CVE-2026-22778: Critical Remote Code Execution in vLLM Multimodal Inference

Kodem Security Research Team

February 3, 2026

0 min read

Vulnerabilities

CVE-2026-22778: Critical Remote Code Execution in vLLM Multimodal Inference

A critical pre-authenticated remote code execution (RCE) vulnerability, tracked as CVE-2026-22778 (CVSS 9.8), has been discovered in vLLM, a widely used inference and serving engine for large language models.

Publicly exposed vLLM deployments running video models are vulnerable to full server compromise. An attacker can trigger the flaw by submitting a malicious video link to vLLM’s API, resulting in arbitrary command execution on the underlying system without authentication.

The vulnerability affects vLLM versions 0.8.3 through 0.14.0 and stems from a chained exploit that combines an information disclosure flaw in error handling with a heap buffer overflow in a bundled video decoding dependency. When exploited together, these weaknesses allow attackers to bypass memory protections and gain code execution within the vLLM process.

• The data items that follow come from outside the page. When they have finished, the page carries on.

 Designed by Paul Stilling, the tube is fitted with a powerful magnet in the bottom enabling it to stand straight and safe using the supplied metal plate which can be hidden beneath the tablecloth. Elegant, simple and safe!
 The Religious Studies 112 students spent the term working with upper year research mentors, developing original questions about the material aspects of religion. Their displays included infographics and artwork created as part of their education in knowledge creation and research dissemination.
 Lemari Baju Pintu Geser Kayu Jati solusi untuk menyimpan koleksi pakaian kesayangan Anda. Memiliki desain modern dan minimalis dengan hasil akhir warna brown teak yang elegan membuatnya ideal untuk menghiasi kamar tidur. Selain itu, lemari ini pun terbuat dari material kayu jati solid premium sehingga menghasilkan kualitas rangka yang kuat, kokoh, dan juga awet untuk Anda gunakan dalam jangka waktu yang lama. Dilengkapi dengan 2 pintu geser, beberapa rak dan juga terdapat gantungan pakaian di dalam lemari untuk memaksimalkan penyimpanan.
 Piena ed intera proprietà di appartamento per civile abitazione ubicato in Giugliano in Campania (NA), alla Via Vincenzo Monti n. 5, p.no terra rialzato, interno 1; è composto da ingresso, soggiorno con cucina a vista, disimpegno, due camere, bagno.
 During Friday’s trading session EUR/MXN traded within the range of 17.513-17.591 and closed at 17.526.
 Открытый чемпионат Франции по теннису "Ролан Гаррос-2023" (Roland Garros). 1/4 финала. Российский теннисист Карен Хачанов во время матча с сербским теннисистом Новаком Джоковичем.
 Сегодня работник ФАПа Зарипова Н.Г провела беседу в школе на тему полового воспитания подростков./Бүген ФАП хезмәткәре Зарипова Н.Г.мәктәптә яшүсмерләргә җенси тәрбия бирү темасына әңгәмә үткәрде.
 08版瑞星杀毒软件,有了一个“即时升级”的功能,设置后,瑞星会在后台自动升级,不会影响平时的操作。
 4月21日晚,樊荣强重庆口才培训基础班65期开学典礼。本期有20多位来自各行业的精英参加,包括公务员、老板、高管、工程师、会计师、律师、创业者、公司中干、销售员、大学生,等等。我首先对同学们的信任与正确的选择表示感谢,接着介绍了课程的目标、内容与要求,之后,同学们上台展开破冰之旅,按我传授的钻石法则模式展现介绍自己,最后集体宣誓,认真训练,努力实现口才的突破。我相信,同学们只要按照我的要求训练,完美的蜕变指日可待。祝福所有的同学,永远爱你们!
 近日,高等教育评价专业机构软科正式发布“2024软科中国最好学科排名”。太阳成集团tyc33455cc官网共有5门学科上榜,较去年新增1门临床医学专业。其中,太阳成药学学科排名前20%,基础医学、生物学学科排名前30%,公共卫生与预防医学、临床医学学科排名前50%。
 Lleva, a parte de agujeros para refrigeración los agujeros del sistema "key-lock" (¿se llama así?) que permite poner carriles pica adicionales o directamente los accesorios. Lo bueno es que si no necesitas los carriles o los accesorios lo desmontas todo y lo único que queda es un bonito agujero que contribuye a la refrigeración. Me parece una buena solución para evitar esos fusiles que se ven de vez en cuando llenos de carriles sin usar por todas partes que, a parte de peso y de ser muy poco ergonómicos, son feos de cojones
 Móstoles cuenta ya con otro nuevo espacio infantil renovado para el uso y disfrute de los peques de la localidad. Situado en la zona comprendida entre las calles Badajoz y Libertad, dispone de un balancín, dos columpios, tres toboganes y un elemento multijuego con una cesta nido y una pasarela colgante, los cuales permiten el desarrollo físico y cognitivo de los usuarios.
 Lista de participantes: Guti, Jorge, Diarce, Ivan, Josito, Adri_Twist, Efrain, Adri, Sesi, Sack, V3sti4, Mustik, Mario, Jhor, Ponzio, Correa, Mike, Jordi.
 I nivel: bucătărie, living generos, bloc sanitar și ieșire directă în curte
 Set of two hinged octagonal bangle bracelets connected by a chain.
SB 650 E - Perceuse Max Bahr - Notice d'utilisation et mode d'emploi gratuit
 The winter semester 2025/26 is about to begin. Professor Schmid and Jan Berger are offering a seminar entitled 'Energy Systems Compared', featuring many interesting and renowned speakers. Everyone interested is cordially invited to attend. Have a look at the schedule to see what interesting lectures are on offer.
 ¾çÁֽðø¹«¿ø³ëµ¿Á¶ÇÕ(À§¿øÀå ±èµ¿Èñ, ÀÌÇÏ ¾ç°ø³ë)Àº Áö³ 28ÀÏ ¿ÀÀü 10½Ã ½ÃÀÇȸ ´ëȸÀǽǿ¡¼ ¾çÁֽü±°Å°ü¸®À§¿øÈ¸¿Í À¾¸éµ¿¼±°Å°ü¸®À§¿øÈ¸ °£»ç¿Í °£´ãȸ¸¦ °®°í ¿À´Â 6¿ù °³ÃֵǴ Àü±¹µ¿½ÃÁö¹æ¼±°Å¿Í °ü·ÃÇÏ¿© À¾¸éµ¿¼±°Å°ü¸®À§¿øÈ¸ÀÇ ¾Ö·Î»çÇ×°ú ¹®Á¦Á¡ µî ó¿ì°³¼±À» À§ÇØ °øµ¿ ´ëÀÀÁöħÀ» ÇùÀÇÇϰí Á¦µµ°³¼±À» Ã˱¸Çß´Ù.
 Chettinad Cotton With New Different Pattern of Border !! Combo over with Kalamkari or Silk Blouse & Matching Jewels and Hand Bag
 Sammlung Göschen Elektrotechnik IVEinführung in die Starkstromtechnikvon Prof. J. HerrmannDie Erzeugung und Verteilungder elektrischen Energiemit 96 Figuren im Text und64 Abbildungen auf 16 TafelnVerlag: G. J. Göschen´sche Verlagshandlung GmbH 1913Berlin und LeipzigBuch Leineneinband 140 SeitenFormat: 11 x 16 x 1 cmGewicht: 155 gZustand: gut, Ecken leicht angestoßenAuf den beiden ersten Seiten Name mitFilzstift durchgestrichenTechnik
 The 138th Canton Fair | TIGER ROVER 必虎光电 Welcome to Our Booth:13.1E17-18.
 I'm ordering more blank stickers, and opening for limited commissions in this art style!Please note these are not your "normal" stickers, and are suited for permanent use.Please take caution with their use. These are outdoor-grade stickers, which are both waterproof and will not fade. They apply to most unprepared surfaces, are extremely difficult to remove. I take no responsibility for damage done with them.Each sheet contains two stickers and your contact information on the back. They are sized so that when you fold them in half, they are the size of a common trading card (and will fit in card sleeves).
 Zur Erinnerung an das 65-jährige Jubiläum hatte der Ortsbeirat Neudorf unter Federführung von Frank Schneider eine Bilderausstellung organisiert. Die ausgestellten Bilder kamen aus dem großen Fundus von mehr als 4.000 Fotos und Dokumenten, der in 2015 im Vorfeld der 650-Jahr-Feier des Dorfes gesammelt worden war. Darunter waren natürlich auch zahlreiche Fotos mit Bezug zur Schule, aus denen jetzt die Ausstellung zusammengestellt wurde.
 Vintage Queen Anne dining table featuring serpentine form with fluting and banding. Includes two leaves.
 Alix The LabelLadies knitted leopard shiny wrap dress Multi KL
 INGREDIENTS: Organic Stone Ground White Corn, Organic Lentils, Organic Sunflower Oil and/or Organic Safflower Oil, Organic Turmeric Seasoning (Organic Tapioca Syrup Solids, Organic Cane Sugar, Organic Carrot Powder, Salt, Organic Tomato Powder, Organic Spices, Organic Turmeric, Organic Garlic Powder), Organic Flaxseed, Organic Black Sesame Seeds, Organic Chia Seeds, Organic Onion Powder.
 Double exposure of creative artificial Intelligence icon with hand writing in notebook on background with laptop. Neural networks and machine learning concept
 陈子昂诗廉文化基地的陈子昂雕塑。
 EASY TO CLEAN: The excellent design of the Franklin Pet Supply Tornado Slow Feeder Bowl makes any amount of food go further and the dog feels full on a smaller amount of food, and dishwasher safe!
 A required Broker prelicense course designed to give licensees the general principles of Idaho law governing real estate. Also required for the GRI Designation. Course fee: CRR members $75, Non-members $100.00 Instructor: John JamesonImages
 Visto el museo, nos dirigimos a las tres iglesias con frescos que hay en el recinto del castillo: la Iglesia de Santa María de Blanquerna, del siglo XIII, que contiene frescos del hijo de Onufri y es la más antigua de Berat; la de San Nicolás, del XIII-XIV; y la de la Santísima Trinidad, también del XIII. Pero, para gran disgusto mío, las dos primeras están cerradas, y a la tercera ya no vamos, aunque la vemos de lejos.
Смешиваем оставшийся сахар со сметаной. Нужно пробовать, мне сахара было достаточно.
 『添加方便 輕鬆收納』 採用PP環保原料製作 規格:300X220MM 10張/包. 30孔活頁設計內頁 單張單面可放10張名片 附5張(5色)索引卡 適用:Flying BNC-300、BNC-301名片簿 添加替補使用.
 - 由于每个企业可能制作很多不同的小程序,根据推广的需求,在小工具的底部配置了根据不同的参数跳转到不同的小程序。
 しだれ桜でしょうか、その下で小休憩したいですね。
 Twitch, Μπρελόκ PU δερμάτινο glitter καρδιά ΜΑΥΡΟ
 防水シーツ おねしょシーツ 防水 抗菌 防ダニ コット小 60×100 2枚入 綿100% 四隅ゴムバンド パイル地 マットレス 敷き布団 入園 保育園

While the issue is limited to deployments that enable multimodal video processing, the default exposure model of vLLM makes this vulnerability particularly dangerous for internet-facing inference services.

Affected Versions

Immediate Actions

Upgrade to vLLM v0.14.1 or later.
Verify OpenCV is updated to a patched version.
Reduce exposure of inference APIs by blocking multimodal requests containing a video_url parameter to the following endpoints:
1. POST /v1/chat/completions
2. POST /v1/invocations

If you Can’t Patch Immediately

Disable video and multimodal endpoints.
Restrict access to inference APIs to trusted internal users or services.

What is vLLM?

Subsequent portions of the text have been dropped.